2. The coarse screen trash and fish removal pumps discharge valves will manually close from the control board in the intake screenhouse whenever all of the following conditions are satisfied.

a. The valve selector switch (CS-91800-16, 17, 21, 22) is in the CLOSE position.

b. Motor circuit breaker closed.

c. Motor thermal overload reset.

3. The coarse screen trash and fish removal pump discharge valves will automatically open from the control board in the intake screenhouse whenever all of the following conditions are satisfied.

a. The valve selector switch (CS-91800-16, 17, 21, 22) is in the AUTO position.

b. The corresponding trash or fish removal pump starts.

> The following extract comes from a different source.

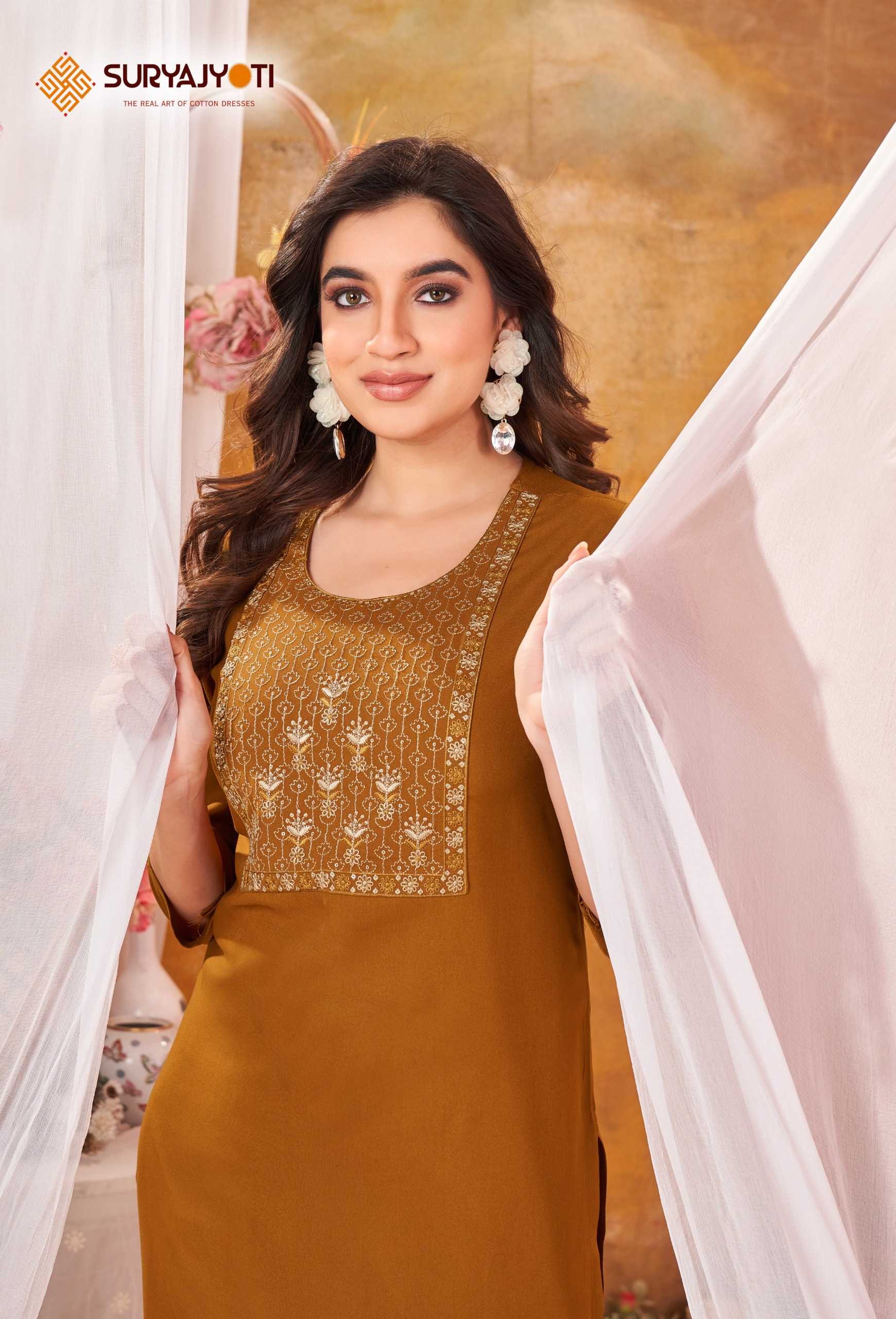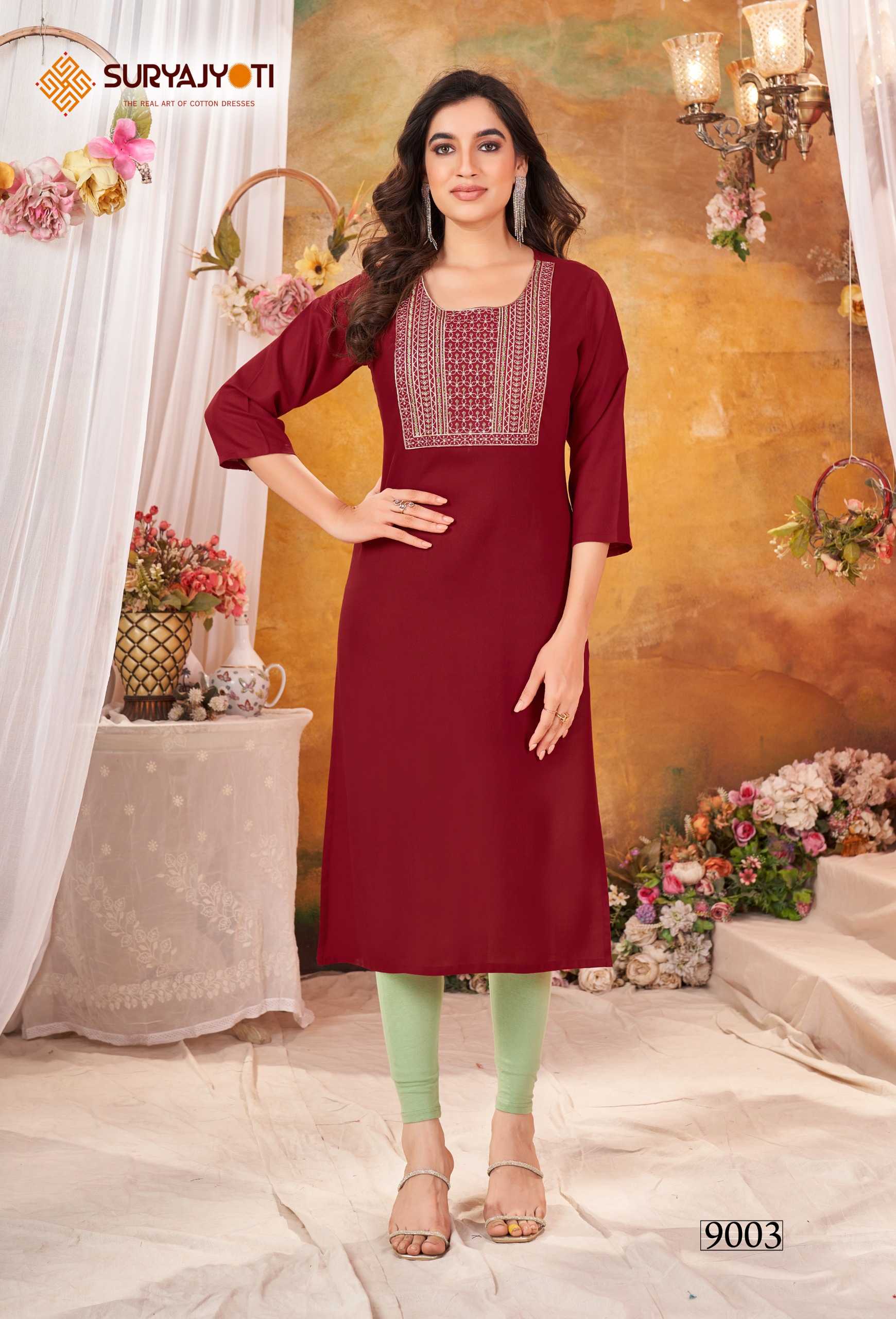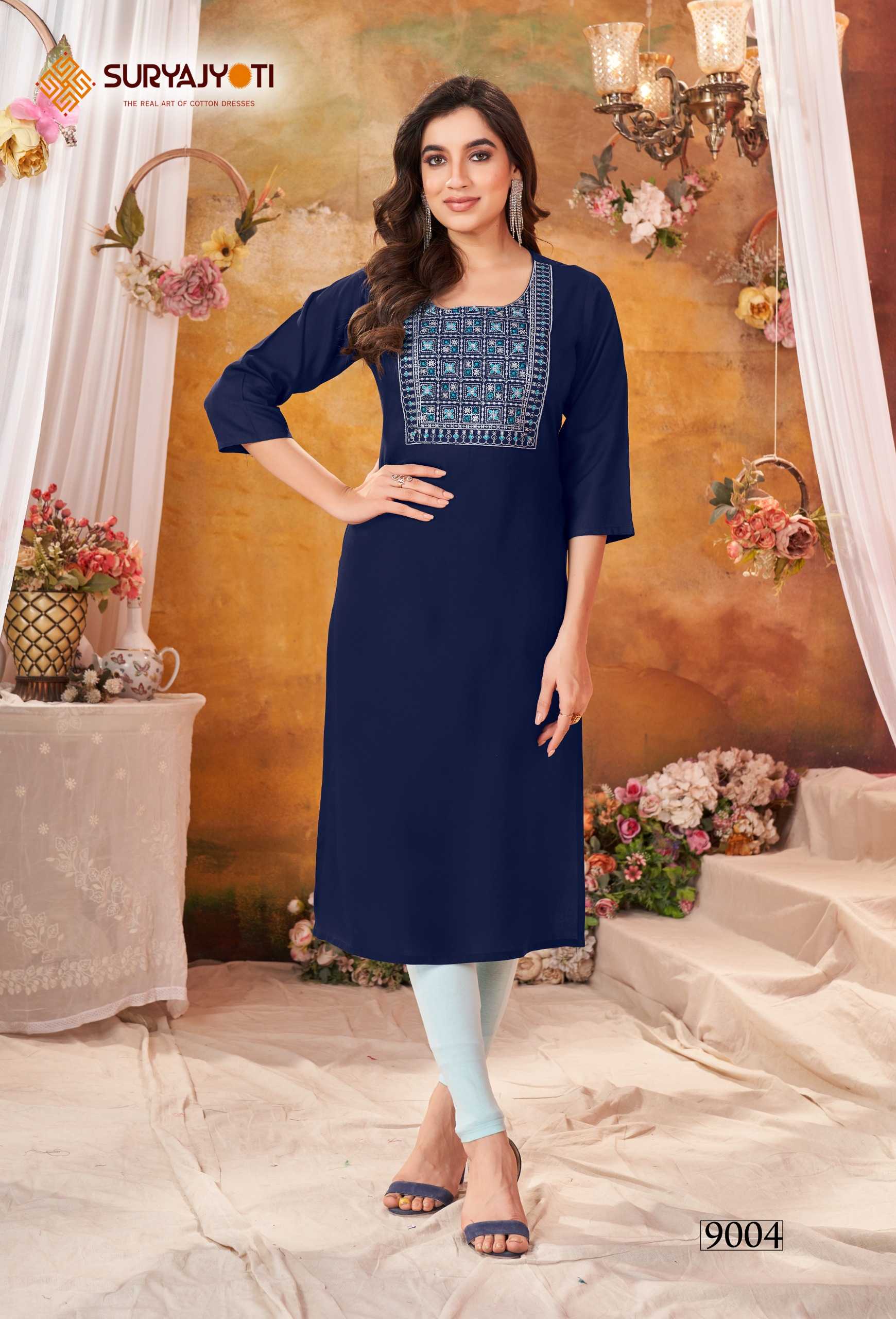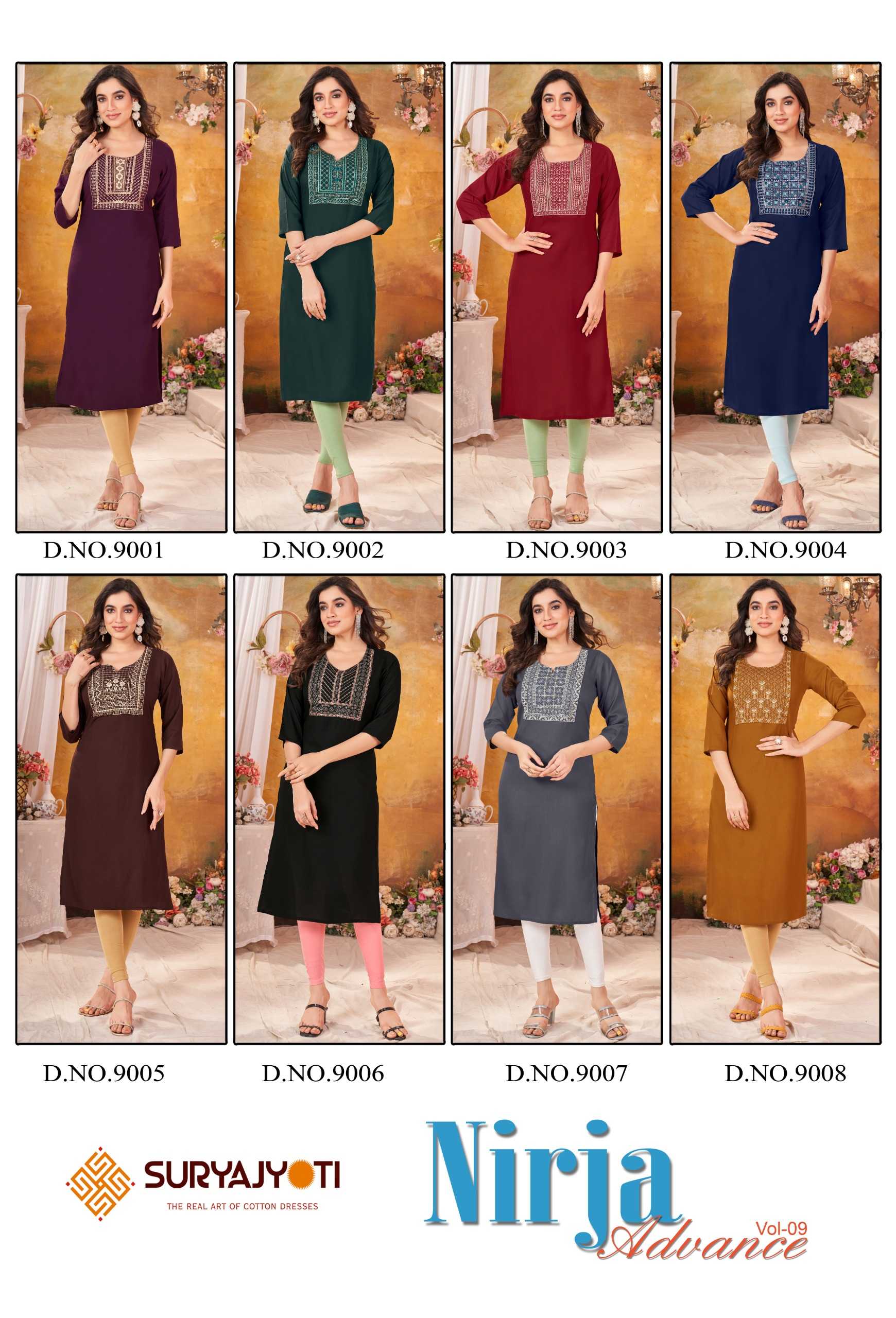 nirja advance vol 9 by suryajyoti rayon pretty look embroidery neck full stitch long kurti

c. Motor circuit breaker closed.

d. The motor thermal overload reset.

4. The coarse screen trash and fish removal pumps discharge valves will Automatically close from the control board in the intake screenhouse whenever all of the following conditions are satisfied.

a. The valve selector switch (CS-91800-16, 17, 21, 22) is in the AUTO position.

b. The corresponding trash or fish removal pump stops.

c. Motor circuit breaker closed.

d. Motor thermal overload reset.

G. Fine Screen Trash Removal Pump Discharge Valve - Typical of two (MV-91200, MV-91201) (Ref. drawing NF-92780-3)

1. The fine screen trash removal pump discharge valve will manually open from the control board in the intake screenhouse whenever all of the following conditions are satisfied.

a. The valve selector switch (CS-91800-15, 20) is in the OPEN position.

b. Motor circuit breaker closed.

c. Motor thermal overload reset.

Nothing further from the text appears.